We utilized the pre-trained Wav2Vec model to train on our data and fine-tune hyperparameters in order to optimize the performance of the model. The Wav2Vec model is pre-trained on 16 kHz frequency, a speech model that accepts a float array corresponding to the raw waveform of the speech signal. We preprocessed all of the incoming data utilizing a noise reduction library before passing it into the model to decode. We convert the audio to text, passing the prediction to the tokenizer decode to get the transcription. We are utilizing the LibriSpeech ASR Corpus, utilizing the clean testing data as the dataset that we are working with.

Outcomes

With vast amounts of fine-tuning to the Wav2Vec2 model already, changes in the hyperparameter configuration of models will result in minimal performance changes. This implies that fine-tuning on the model will have a much higher impact on the model’s performance, rather than specific hyperparameters. We were able to achieve an average of 4.13% word error rate on the full set of testing data.

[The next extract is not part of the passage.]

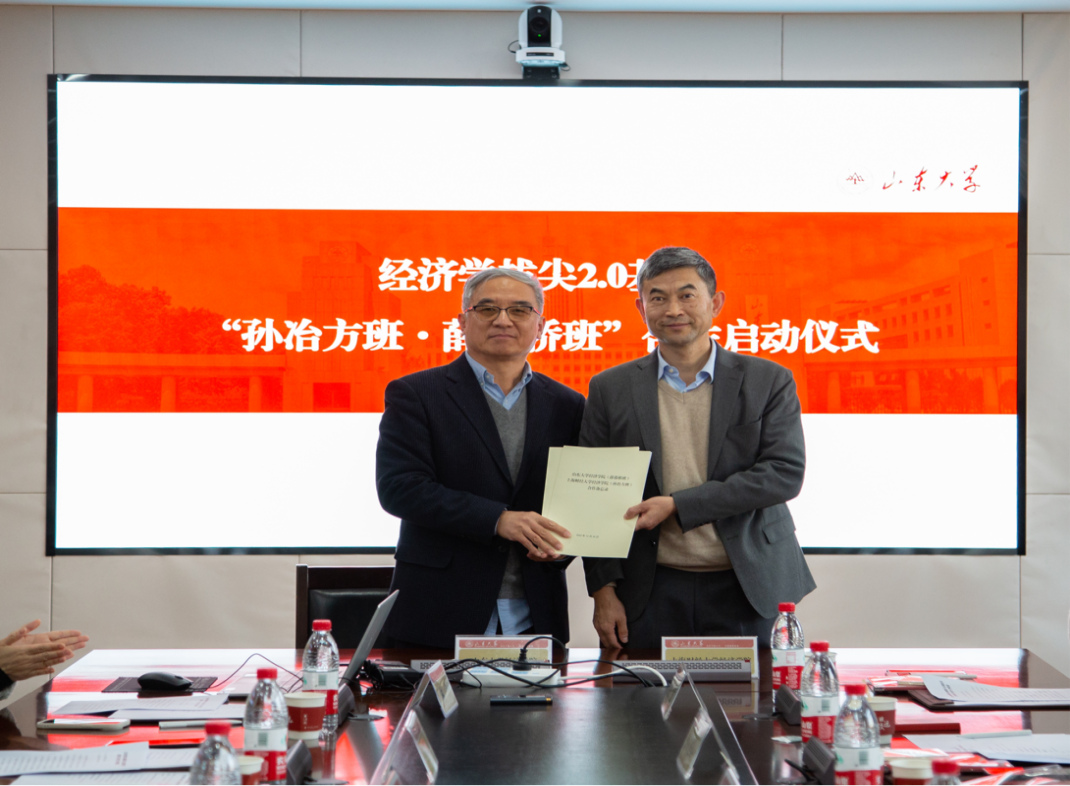 “薛暮桥班·孙冶方班”合作共建启动仪式上,周亚虹与林平共同签署合作备忘录,合作建设“薛暮桥班·孙冶方班”拔尖2.0基地班。山东大学经济学院副院长孙淑琴介绍了双方前期合作交流成果。围绕主题教育中“如何推动‘在造就拔尖创新人才上先行先试’要求的落实落地”,两校结合学科实际,充分发挥在拔尖人才培养中的优势,延续薛暮桥与孙冶方两位经济学泰斗的治学精神,在探索跨学校联合推进拔尖创新人才培养模式方面进行了深入的交流和研讨,在合作举办暑期夏令营、学生学术论坛、共建名师课程团队、共享海外资源平台等方面达成了共识。
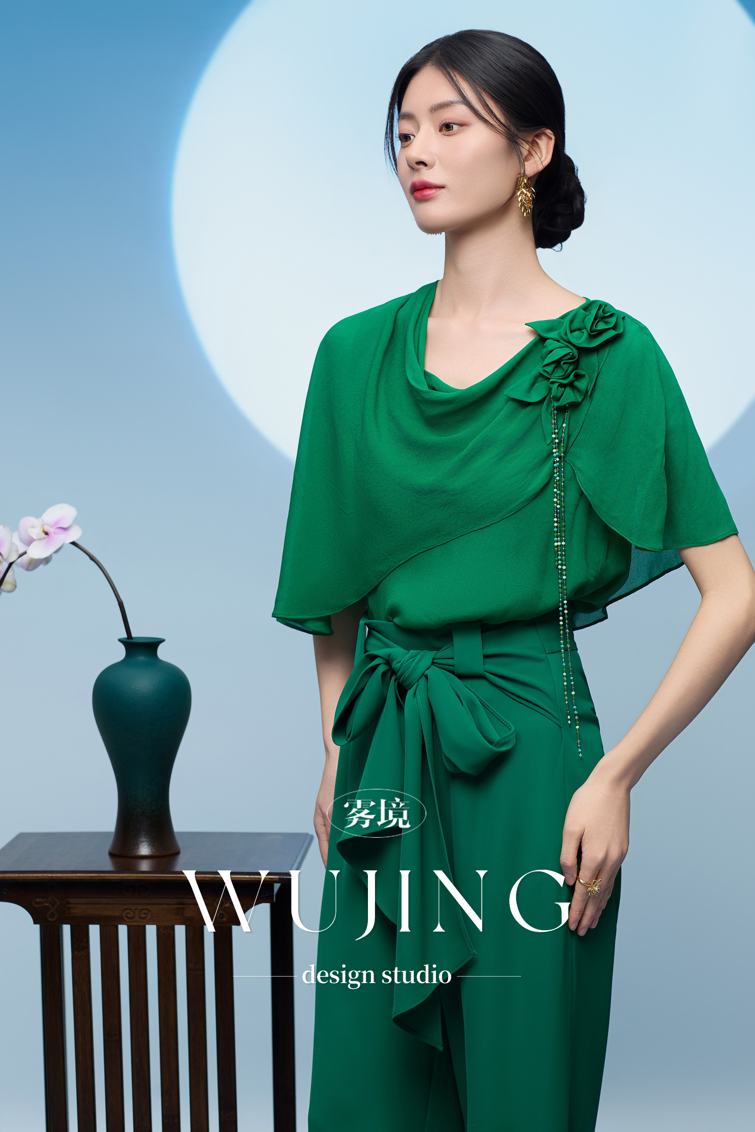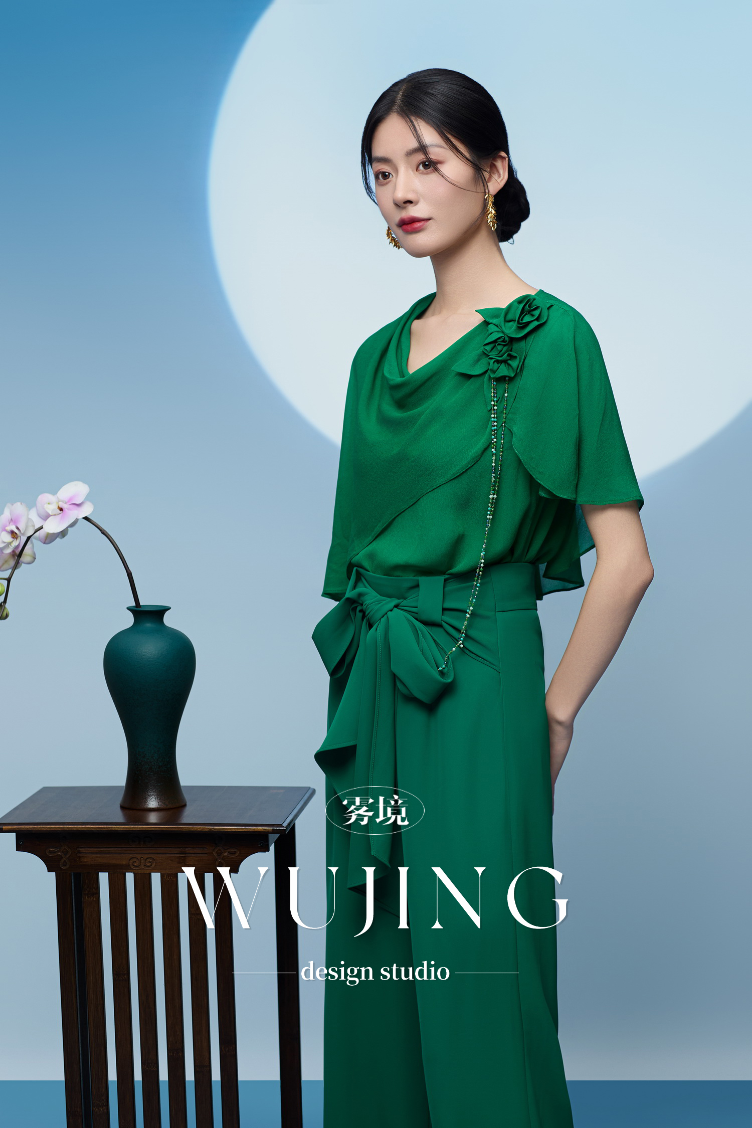 3205109 浮岚暖翠 进口乔其上衣 雾境

Given more time with this project, we want to further optimize the performance of the Wav2Vec2 model. We would do this by starting with an earlier checkpoint of Wav2Vec2 (either 10-minute or 100-hour fine-tuned models), and then perform downstream training by splitting our dataset into training, validation, and testing subsets, and fine-tuning the model by adjusting the learning rate, vocabulary size, etc. in order to improve overall performance and reduce the word error rate.